PROVIDED DATA:
------------------------------------

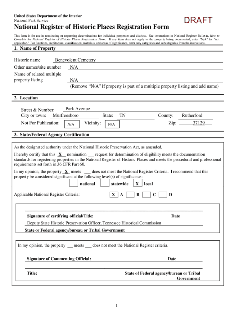 Easy online national register of historic completion using pdfFiller. Also, it allows you to legally eSign your form and change original PDF material. Create a free account and manage documents online.
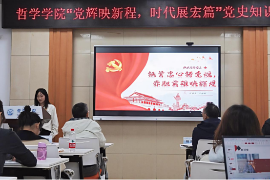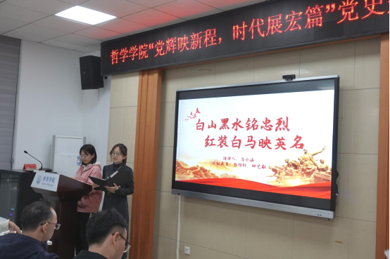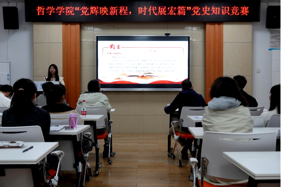主持人介绍完比赛规则后,各个队伍进行党史故事讲演。
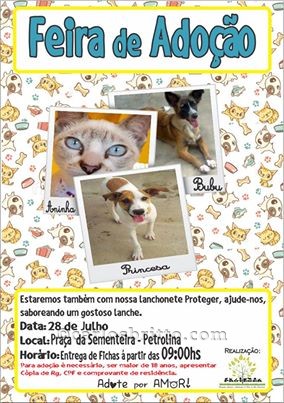 feirinha dia 28 de julhoA ONG Proteger realizará no próximo dia 28, em Petrolina, mais uma feirinha de adoção de animais. O evento acontecerá na Praça da Sementeira, Avenida da Integração, a partir das 9h.

------------------------------------

EXERCISE:
Return the listing above in full and unaltered. Keep the pictures out.

WRITTEN SOLUTION:
 Easy online national register of historic completion using pdfFiller. Also, it allows you to legally eSign your form and change original PDF material. Create a free account and manage documents online.
主持人介绍完比赛规则后,各个队伍进行党史故事讲演。
 feirinha dia 28 de julhoA ONG Proteger realizará no próximo dia 28, em Petrolina, mais uma feirinha de adoção de animais. O evento acontecerá na Praça da Sementeira, Avenida da Integração, a partir das 9h.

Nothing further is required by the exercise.